Division of Immune Regulation, La Jolla Institute for Allergy and Immunology, San Diego, CA, USA.
Immunol Rev. 2011 Nov;244(1):149-68. doi: 10.1111/j.1600-065X.2011.01062.x.
The human respiratory tract is an entry point for over 200 known viruses that collectively contribute to millions of annual deaths worldwide. Consequently, the World Health Organization has designated respiratory viral infections as a priority for vaccine development. Despite enormous advances in understanding the attributes of a protective mucosal antiviral immune response, current vaccines continue to fail in effectively generating long-lived protective CD8(+) T-cell immunity.
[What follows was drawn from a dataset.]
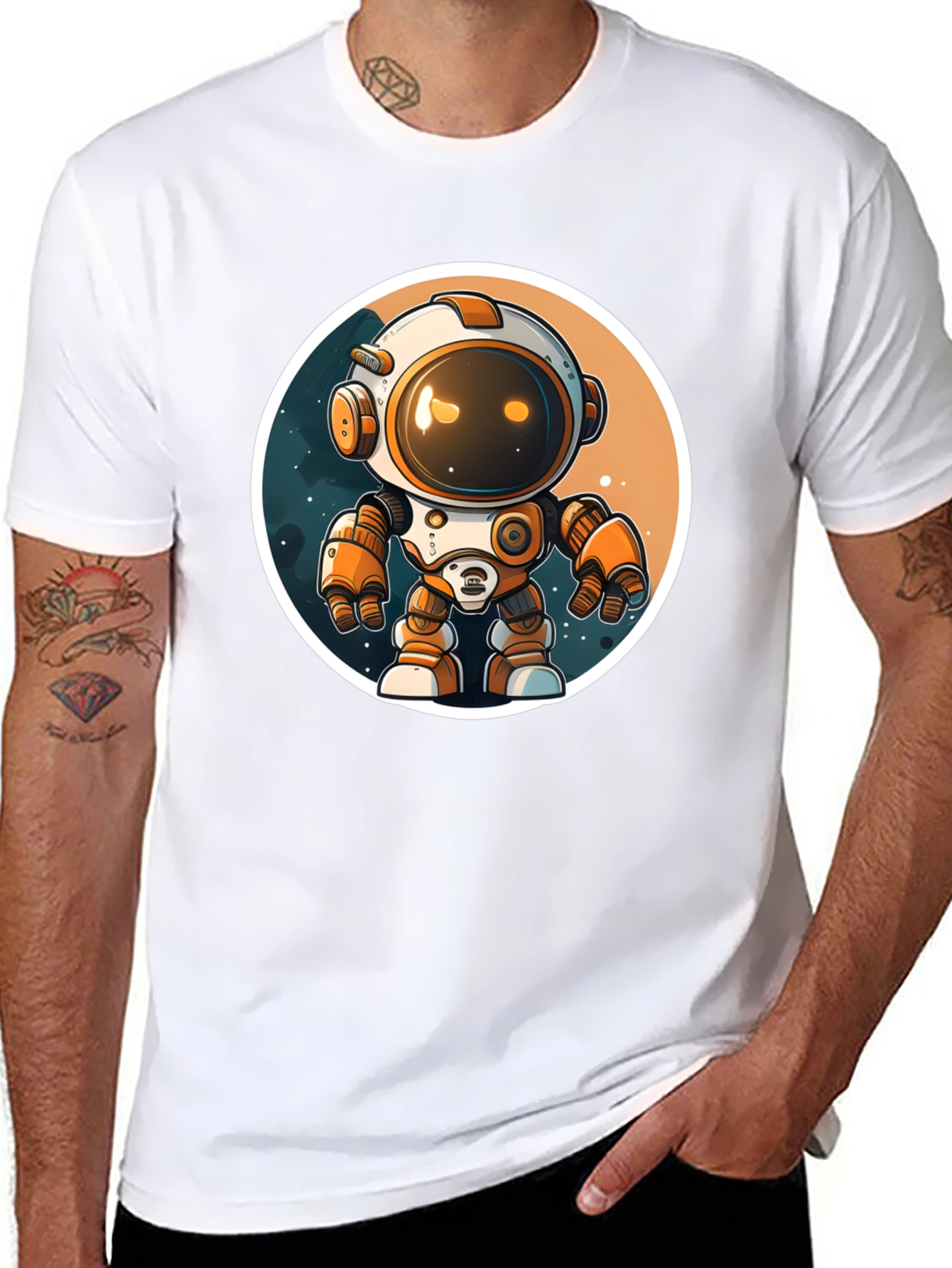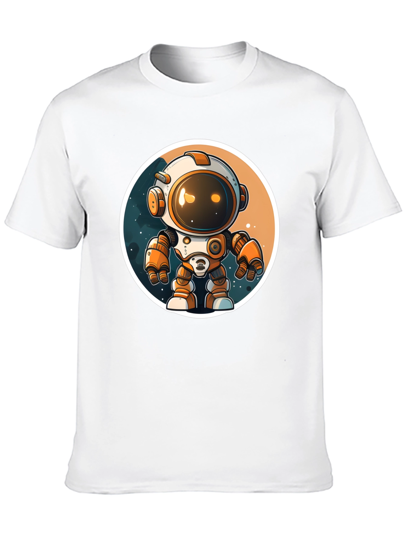 Elevate your wardrobe with this unique black t-shirt featuring a vibrant, cartoon-style graphic of an astronaut robot. The design showcases a white and orange robot with a rounded helmet, set against a backdrop suggestive of space. The shirt appears to be made of a soft, comfortable fabric perfect for everyday wear. This eye-catching tee is ideal for casual outings, expressing your personality, or making a statement. Perfect for science fiction fans, tech enthusiasts, or anyone who loves bold and playful designs. Its comfortable fit makes it suitable for various activities, from running errands to lounging at home. Stand out from the crowd with this fun and fashionable graphic tee!

To date, the majority of licensed human vaccines afford protection against infectious pathogens through the generation of specific immunoglobulin responses. In recent years, the selective manipulation of specific costimulatory pathways, which are critical in regulating T cell-mediated immune responses, has generated increasing interest. Impressive results in animal models have shown that the tumor necrosis factor receptor (TNFR) family member OX40 (CD134) and its binding partner OX40L (CD252) are key costimulatory molecules involved in the generation of protective CD8(+) T-cell responses at mucosal surfaces, such as the lung. In this review, we highlight these new findings with a particular emphasis on their potential as immunological adjuvants to enhance poxvirus-based CD8(+) T-cell vaccines.
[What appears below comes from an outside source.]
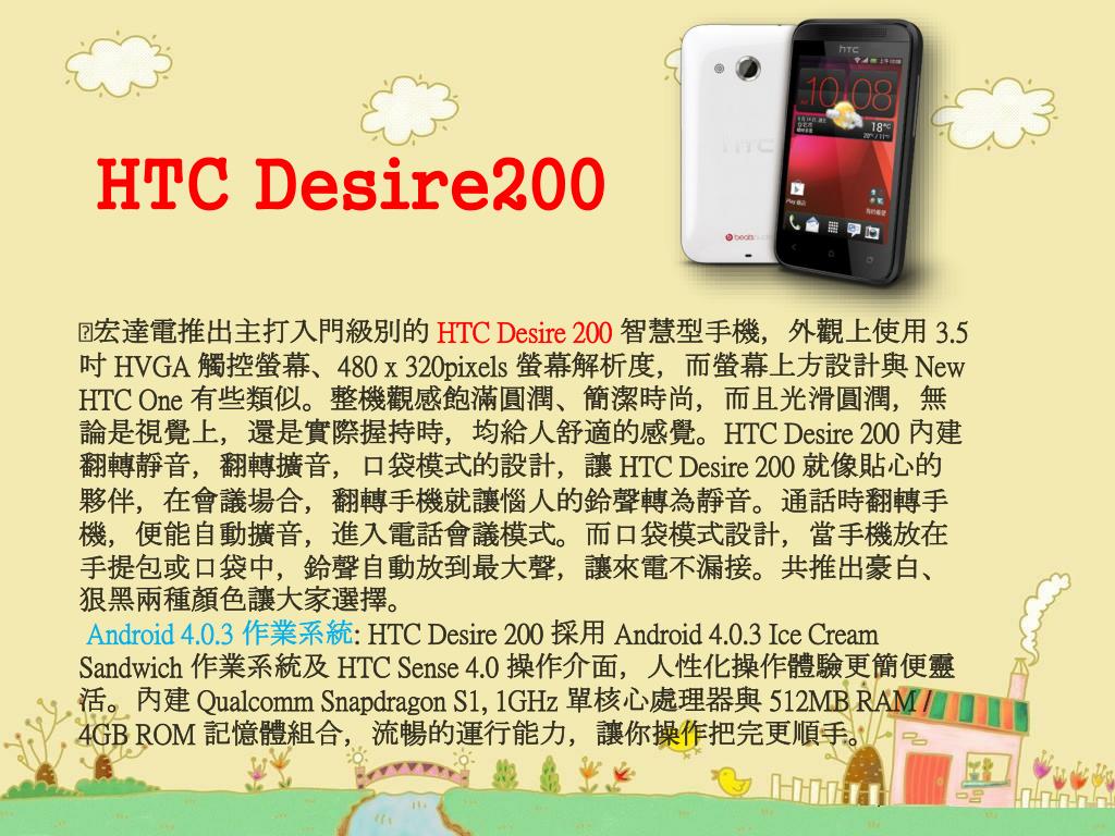 HTC Desire 系列. 班級 : 普二甲 組別 :26 組 學號 & 姓名 : 1010007 丁少淇 1010033 任盈伃 指導老師 : 高 瑜 鴻. HTC Desire200.

人类呼吸道是 200 多种已知病毒的进入点,这些病毒共同导致了全球每年数百万人的死亡。因此,世界卫生组织已将呼吸道病毒感染列为疫苗开发的优先事项。尽管在理解保护性黏膜抗病毒免疫反应的特性方面取得了巨大进展,但目前的疫苗仍未能有效产生持久的保护性 CD8+T 细胞免疫。迄今为止,大多数已批准的人类疫苗通过产生特异性免疫球蛋白反应来提供针对传染病原体的保护。近年来,对调节 T 细胞介导的免疫反应至关重要的特定共刺激途径的选择性操纵引起了越来越多的关注。动物模型中的令人印象深刻的结果表明,肿瘤坏死因子受体(TNFR)家族成员 OX40(CD134)及其结合伴侣 OX40L(CD252)是参与在肺部等黏膜表面产生保护性 CD8+T 细胞反应的关键共刺激分子。在这篇综述中,我们重点介绍了这些新发现,特别强调了它们作为增强基于痘病毒的 CD8+T 细胞疫苗的免疫佐剂的潜力。